Collection entries
*** Begin section ***

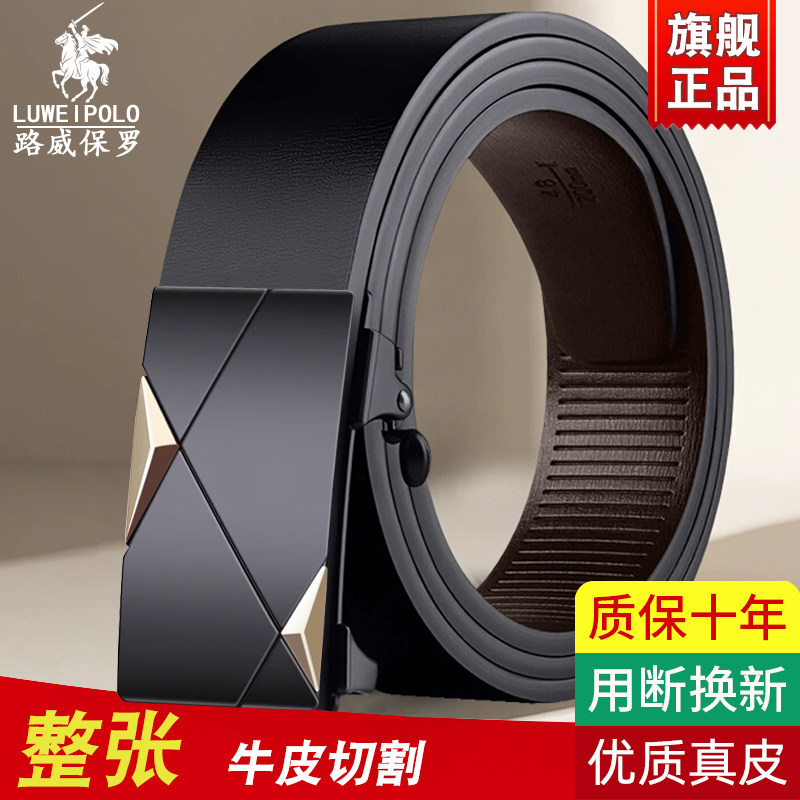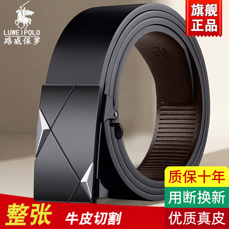 保罗男士皮带无牙内穿自动扣年轻人潮流牛皮男款商务裤腰带真皮
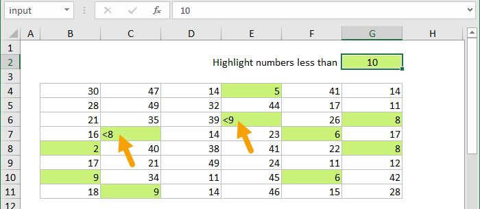 - For each cell in the range B5:B12, the second formula is evaluated. If the value is greater than or equal to 80%, the formula returns TRUE and the yellow fill is applied.
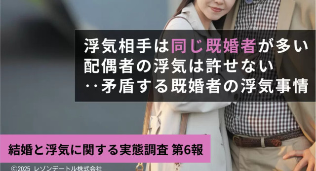 浮気相手と出会った場所をみると、相手が既婚者か独身かで傾向に違いがみられた。特に「昔からの知人・友人」では、浮気相手が既婚者だった割合が30.5%と、独身の16.8%を大きく上回った。また、「教室・稽古など学びの場」でも、既婚者が7.6%、独身が2.2%と、既婚者の割合が2倍以上となった。同世代で立場が近く、秘密を共有しやすい関係性が、既婚者同士の浮気につながりやすいことがうかがえる。
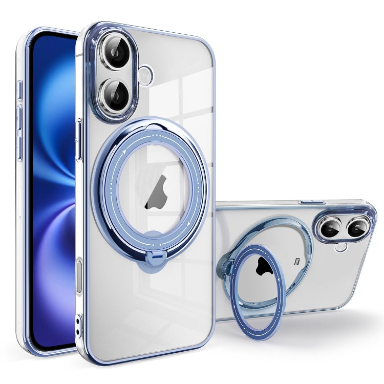 Funda para iPhone 16 Soporte Giratorio 360 Grados Galvanoplastia Magsafe Prueba de Golpes (Azul)
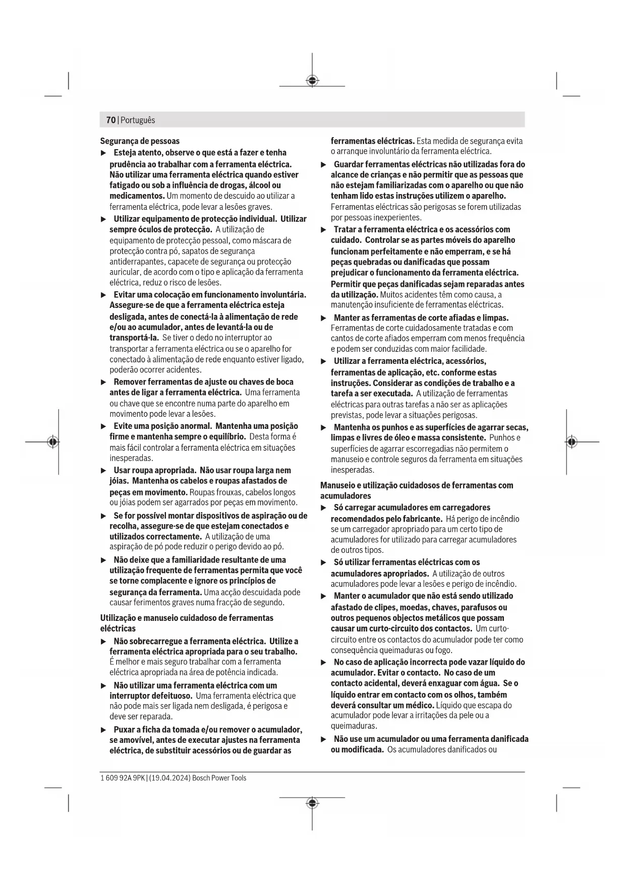1 609 92A 9PK | (19.04.2024) Bosch Power ToolsPortuguês | 77 – Fixe os pés da ferramenta elétrica com grampos convencionais à superfície de trabalho. Montagem numa mesa de trabalho Bosch As mesas de trabalho GTA da Bosch oferecem firmeza à ferramenta elétrica, sobre qualquer solo, devido aos pés de altura ajustável. As mesas de trabalho possuem bases de apoio para o apoio de peças longas. u Ler todas as indicações de aviso e instruções fornecidas com a mesa de trabalho. O desrespeito das indicações de aviso e das instruções pode causar choque elétrico, queimaduras e/ou ferimentos graves. u Montar corretamente a mesa de trabalho, antes de montar a ferramenta elétrica. É importante que a montagem seja perfeita, para evitar o risco de desmoronamento. – Monte a ferramenta elétrica na posição de transporte sobre a mesa de trabalho. Instalação flexível (não recomendada!) (ver figura B3) Se excecionalmente não for possível montar a ferramenta elétrica sobre uma superfície de trabalho plana e estável, pode usar como auxiliar uma proteção contra tombamento. u Sem a proteção contra tombamento a ferramenta elétrica não está segura e pode tombar especialmente ao serrar ângulos de meia-esquadria máximos horizontais e/ou verticais. – Rodar a proteção contra tombamento (18) para dentro ou para fora até que a ferramenta elétrica fique direita sobre a superfície de trabalho. Aspiração de pó/de aparas Pós de materiais como por exemplo, tintas que contém chumbo, alguns tipos de madeira, minerais e metais, podem ser nocivos à saúde. O contacto ou a inalação dos pós pode provocar reações alérgicas e/ou doenças nas vias respiratórias do utilizador ou das pessoas que se encontrem por perto. Certos pós, como por exemplo pó de carvalho e faia são considerados como sendo cancerígenos, especialmente quando juntos com substâncias para o tratamento de madeiras (cromato, produtos de proteção da madeira). Material que contém asbesto só deve ser processado por pessoal especializado. – Se possível deverá usar um dispositivo de aspiração de pó apropriado para o material. – Assegurar uma boa ventilação do local de trabalho. – É recomendável usar uma máscara de proteção respiratória com filtro da classe P2. Observe as diretivas para os materiais a serem processados, vigentes no seu país. u Evite a acumulação de pó no local de trabalho. Pós podem entrar levemente em ignição. A aspiração de pó/de aparas pode ser bloqueada por pó, aparas ou por estilhaços da peça a ser trabalhada. – Desligue a ferramenta elétrica e retire a bateria. – Aguardar até que o disco de serra esteja completamente parado. – Verificar a causa do bloqueio e eliminá-la. Aspiração integrada (verfiguraC) Para a fácil recolha das aparas deverá utilizar o saco do pó(37) fornecido. – Coloque o punho de transporte (3) na vertical. – Encaixe e rode o saco do pó (37) no adaptador de aspiração (50), de forma a que o pino do saco do pó engate no entalhe no adaptador de aspiração. Ao serrar, o saco do pó não deve entrar em contacto com as peças móveis do aparelho. Esvazie o saco do pó a tempo. u Verifique e limpe o saco de pó após cada utilização. u Para evitar perigo de incêndio, deverá remover o saco de pó para serrar alumínio. Aspiração externa Para a aspiração também é possível ligar ao adaptador de aspiração (50) uma mangueira de aspirador (Ø 35 mm). – Ligue a mangueira do aspirador ao adaptador de aspiração (50). O aspirador de pó deve ser apropriado para o material a ser trabalhado. Utilize um aspirador especial para aspirar pó que seja extremamente nocivo à saúde, cancerígeno ou seco. Substituir o disco de serra (ver figura D1−D4) u Antes de qualquer trabalho na ferramenta elétrica (p. ex. manutenção, troca de ferramenta, etc.) retire a bateria da mesma. Há perigo de ferimentos se o interruptor de ligar/desligar for acionado involuntariamente. u Para a montagem do disco de serra é necessário usar luvas de proteção. Há perigo de ferimentos em caso de contacto com a lâmina de serra. Só utilizar discos de serra com uma máxima velocidade admissível superior à velocidade da marcha em vazio da ferramenta elétrica. Utilize apenas discos de serra que correspondam aos dados característicos indicados neste manual de instrução e que sejam controlados conforme EN847‑1 e respetivamente marcados. Utilize apenas discos de serra recomendados pelo fabricante desta ferramenta elétrica e adequados para o material com que deseja trabalhar. Desta forma, evita-se o sobreaquecimento dos dentes de serra ao serrar. Desmontar o disco de serra – Coloque a ferramenta elétrica na posição de trabalho. – Gire a cobertura de proteção pendular(10) para trás e mantenha-a nesta posição. – Rode o parafuso de sextavado interior(51) com a chave sextavada interior(6mm) (43) e pressione em simultâneo o bloqueio do veio(31), até este engatar. Bosch Power Tools 1 609 92A 9PK | (19.04.2024)78 | Português – Mantenha o bloqueio do veio(31) pressionado e rode o parafuso de sextavado interior(51) para a direita (rosca à esquerda!). – Retire o flange de aperto(52). – Retire o disco de serra(30). – Reconduzir lentamente a tampa de proteção pendular para baixo. Montar o disco de serra u Durante a montagem, deverá observar que o sentido de corte dos dentes (sentido da seta sobre a lâmina de corte) coincida com o sentido da seta sobre a capa de proteção! Se necessário, deverá limpar todas as partes antes de serem montadas. – Gire a cobertura de proteção pendular(10) para trás e mantenha-a nesta posição. – Coloque o novo disco de serra no flange de aperto interior(53). – Coloque o flange de aperto(52) e o parafuso de sextavado interior(51). Pressione o bloqueio do veio(31) até este engatar, e aperte o parafuso de sextavado interior rodando para a esquerda. – Reconduzir lentamen
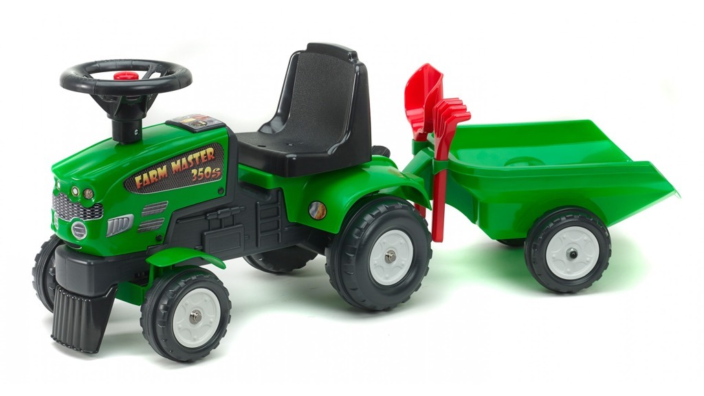 Odstrkovadlo traktor s volantemy a valníkem v zelené barvě. Z vysoce kvalitního a odolného plastu. Součástí traktoru je klakson, vlaník, lopatka a hrabičky. Velikost 97×30×37 cm. Doporučený věk od 1 roku. Všechny odstrkovadla Falk jsou testovány na 30kg - dle požadavků evropských norem. Vyrobeno...
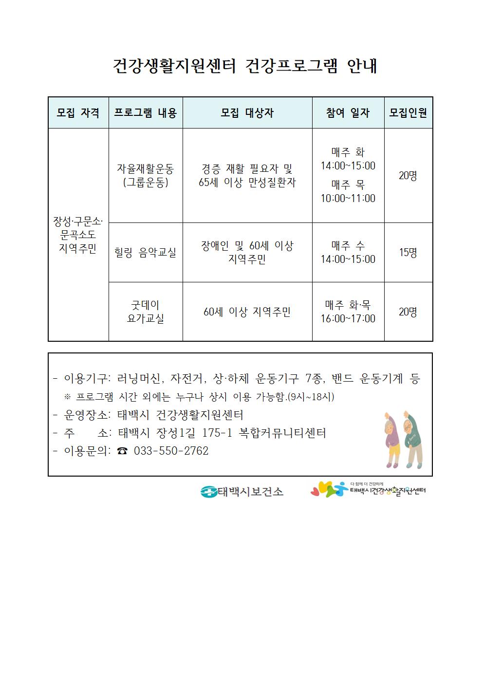 - 참여문의: 태백시보건소 건강생활지원센터 (xxx-xxx-xxxx☎)
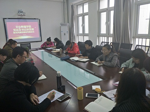 10月25日下午,文化传播学院在博雅楼A303会议室召开“党风廉政建设”专题会议。文化传播学院全体教师、学生党员参加了会议,会议由文化传播学院党总支书记鲁晓平主持主讲。
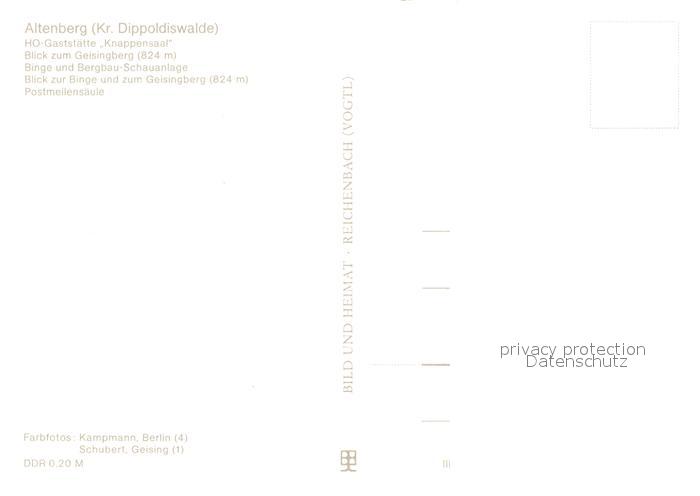 73062331 Altenberg Dippoldiswalde HO Gaststaette Knappensaal Geisingberg Binge Bergbau Schauanlage postalisch nicht gelaufen Erhaltung siehe scans [KathaD81] KatCode: 11110014290010
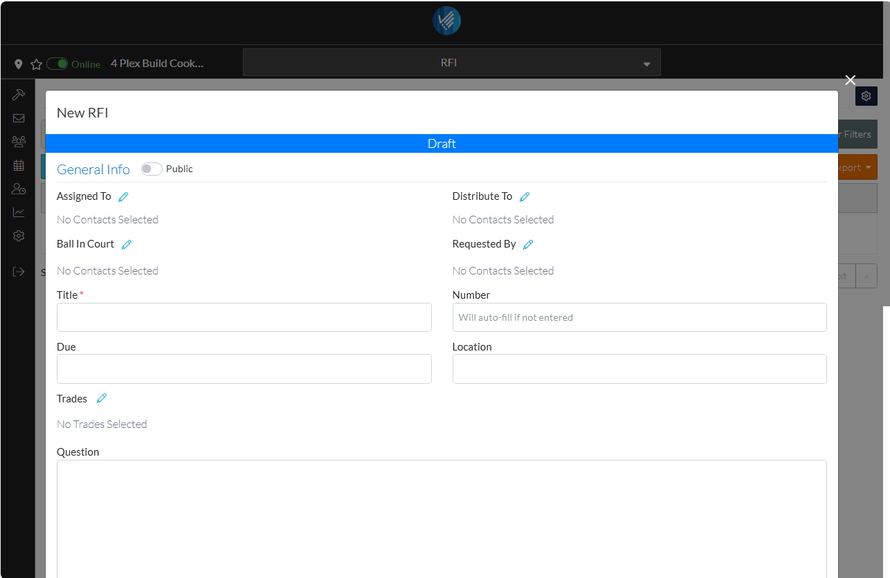 button to save the RFI Item and open it up for responses (Note* alternatively it could be saved but as a draft, while it is still being worked on).

*** End section ***

§ **What you are asked to do**
Repeat the lines above, starting at the first and stopping after the line that holds "浮気相手と出会った場所をみる", with the pictures left out.

§ **Solution for this exercise**
 保罗男士皮带无牙内穿自动扣年轻人潮流牛皮男款商务裤腰带真皮
 - For each cell in the range B5:B12, the second formula is evaluated. If the value is greater than or equal to 80%, the formula returns TRUE and the yellow fill is applied.
 浮気相手と出会った場所をみると、相手が既婚者か独身かで傾向に違いがみられた。特に「昔からの知人・友人」では、浮気相手が既婚者だった割合が30.5%と、独身の16.8%を大きく上回った。また、「教室・稽古など学びの場」でも、既婚者が7.6%、独身が2.2%と、既婚者の割合が2倍以上となった。同世代で立場が近く、秘密を共有しやすい関係性が、既婚者同士の浮気につながりやすいことがうかがえる。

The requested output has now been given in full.